Here we go with another round of Seven Scripts for your reading pleasure!
Remember, this shouldn’t be thought of as a “best of” list, but rather, which scripts J.T. thought would most help aspiring writers better understand the process and craft of screenwriting.
Seven scripts. Seven days. Check ‘em out and dare to become a better writer in a week.
1. Alien (Walter Hill draft)
Hill’s unique, staccato style burns imagery directly into the reader’s brain. A cold, but scorching fast-paced must read.
2. Aliens
For such a legendary taskmaster and technocrat, James Cameron is a romantic at heart, and the plots of every one of his screenplays bear this out by revolving around issues of love and loss. With its surrogate human mother vs. alien mother subplot, Aliens is no exception. Throughout, Cameron’s uses short, novelesque descriptions to enhance his action and blue collar characters and effectively weld them to a plot that escalates with every turn of the page. There’s a reason this script makes many screenwriter’s top-ten lists — it’s damn good. Along with Jeb Stuart and Steven E. de Souza’s Die Hard, Aliens is still one of the great blueprints for the modern action screenplay.

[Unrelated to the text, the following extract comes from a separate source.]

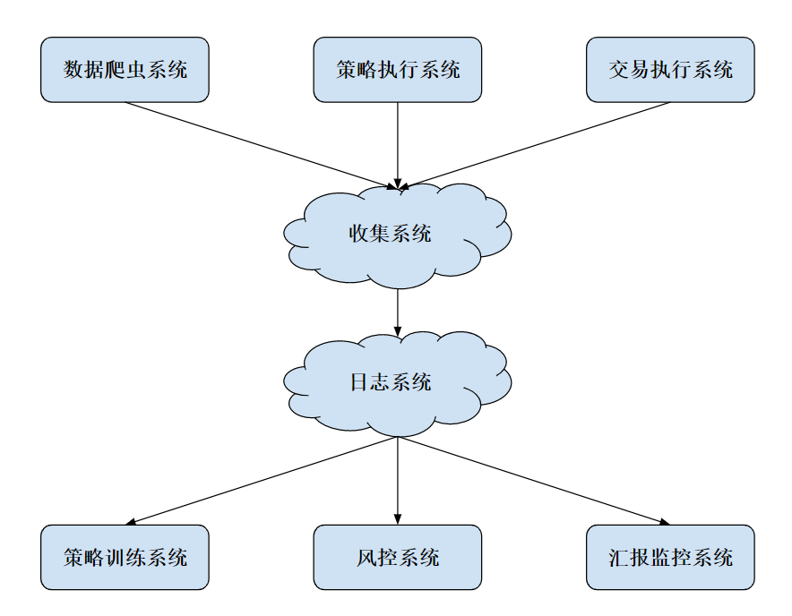 对量化交易而言,我们需要的模块主要有数据系统、策略系统、交易执行系统、线下模型训练、线上风控系统以及实时监控系统。它们之间的对应关系,我画了一张图,你可以参考来理解。

Editor’s Note: Alien and Aliens were casualties of the Twentieth Century Fox DMCA Request, so they’re not currently available here. Apologies.
3. Tootsie
As convoluted and whacky as the premise is, the writers ground its absurdity by thoughtfully spreading the wealth of the story among a host of eccentric characters with issues that matter to each and every one of them – and thus the reader. This isn’t just Michael/Dorothy’s story, but a great ensemble piece. Like Larry Gelbart’s own television version of M*A*S*H, Tootsie is one of the rare comedic screenplays that effectively manages to mix comedy with biting social commentary — and actually work.
In line with its roots, the script is overly descriptive and stagey, but that screwball comedy dialogue? Priceless.
Some movies are just so damn smart they sparkle. Up in the Air is one of them. Jason Reitman and Sheldon Turner working from Walter Kirn’s novel create three immensely narcissistic characters and then they do the impossible — they make us care about them. In my opinion, Reitman and Turner deserved the 2009 Academy Award for best screenplay adaption. Personally, I think they were robbed.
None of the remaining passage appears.